Infants school playing field on a balmy summer afternoon, industrial strength mower going up and down in front of the kids as they played. He was the first to run in front of the blades before the shocked driver; it was just a dare, it got a laugh, everyone liked a laugh. Then the other kids began to copy him.
He stood in the corridor outside the headmistress’ office and heard every word they said. He was Satan, he was evil, he was encouraging his peers to suicide; who knew what would have happened if the teacher hadn’t stopped them in time? He wanted to burst in and scream his defence – it was just a joke, he didn’t mean any harm, it wasn’t his fault they followed him, he didn’t encourage them, it was only meant to be funny …
Were they right? Was he rotten? Was a demonic impulse the root of his indolent rebellion? Wasn’t life a series of decisions or mistakes that balanced black and white into a muted shade of grey?
He looked across the hospital room at the blue bag bundling his clothes on a chair; once white, his rags were soaked in blood, now dried into a brown crust. It had been surprisingly easy for him to transform sugar-glazed nano-niceys into a violent mob.
He remembered throwing his arms out as the kicks and punches rained down with justified zeal, a forlorn plea his crucified pose would slow the beating – it only heightened the righteousness of their fury.

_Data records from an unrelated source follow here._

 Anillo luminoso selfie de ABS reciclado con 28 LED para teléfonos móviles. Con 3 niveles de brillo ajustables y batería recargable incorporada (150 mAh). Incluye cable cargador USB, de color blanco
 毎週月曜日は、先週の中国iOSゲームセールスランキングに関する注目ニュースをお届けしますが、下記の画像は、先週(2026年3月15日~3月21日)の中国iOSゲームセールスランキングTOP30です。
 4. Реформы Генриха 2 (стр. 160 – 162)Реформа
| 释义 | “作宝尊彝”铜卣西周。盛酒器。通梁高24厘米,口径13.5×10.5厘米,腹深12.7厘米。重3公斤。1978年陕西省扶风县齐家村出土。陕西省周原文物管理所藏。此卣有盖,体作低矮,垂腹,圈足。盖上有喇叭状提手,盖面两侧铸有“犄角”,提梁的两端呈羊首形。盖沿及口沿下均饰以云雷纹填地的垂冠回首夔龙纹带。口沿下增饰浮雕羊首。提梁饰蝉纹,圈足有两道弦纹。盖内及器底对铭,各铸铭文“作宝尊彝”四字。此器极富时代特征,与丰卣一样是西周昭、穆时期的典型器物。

He really shouldn’t have called them all a bunch of cunts.
WHEN YOU END UP IN HERE, EVERYONE THE SAME
“The sleeper awakes.” The nurse walked in with forthright hail as he pulled his dirty jeans up. He attempted a smile, but pain stung his features into a grimace and sigh. He didn’t need a mirror to know how he looked, he could feel the bruises rise purple in his face.

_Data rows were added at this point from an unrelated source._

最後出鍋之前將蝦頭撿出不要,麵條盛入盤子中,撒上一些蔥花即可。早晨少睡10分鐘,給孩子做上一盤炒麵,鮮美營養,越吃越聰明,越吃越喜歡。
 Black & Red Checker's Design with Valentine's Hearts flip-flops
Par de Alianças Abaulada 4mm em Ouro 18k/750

“You white boys really aren’t the best advert for God when you try to rap.” He’d been muttering in his sleep, streams of half-baked Bible quotes transformed into delirious incantation.
“Guess we turn to God in pain.” His face ached sharp, but he still tried to smile; there was something about the dark-skinned nurse, a radiance of honest warmth and strength, that made him want to please her. He guessed a Leo. “I’m not really religious,” he said. “I’m not sure what I am.”
“Don’t sweat it honey,” she said. “We believe what we need to get through the day.”
“I suppose you get a lot of church in here?” He buttoned his once-white, now diarrhea shirt over newly tanned tee.
“We get a lot of everyone. All shapes and colours, when you end up in here, everyone the same. Everyone scared, no-one wants to suffer alone – you need God as a pal to hold your hand? Let Him grip tight as you like.”
“Do you believe?”
“Me?” She laughed, a deep, throaty chuckle that revealed white gap teeth. “I believe in jokes, gin and cigarettes, my love. Gets me through the day and if there’s Heaven or Hell, I’ll be okay. I hear they have ’em upstairs and down.”
With that, the white-smocked lioness turned and padded off down the corridor, mane high, cheer in her wake; it was all he could do to follow her.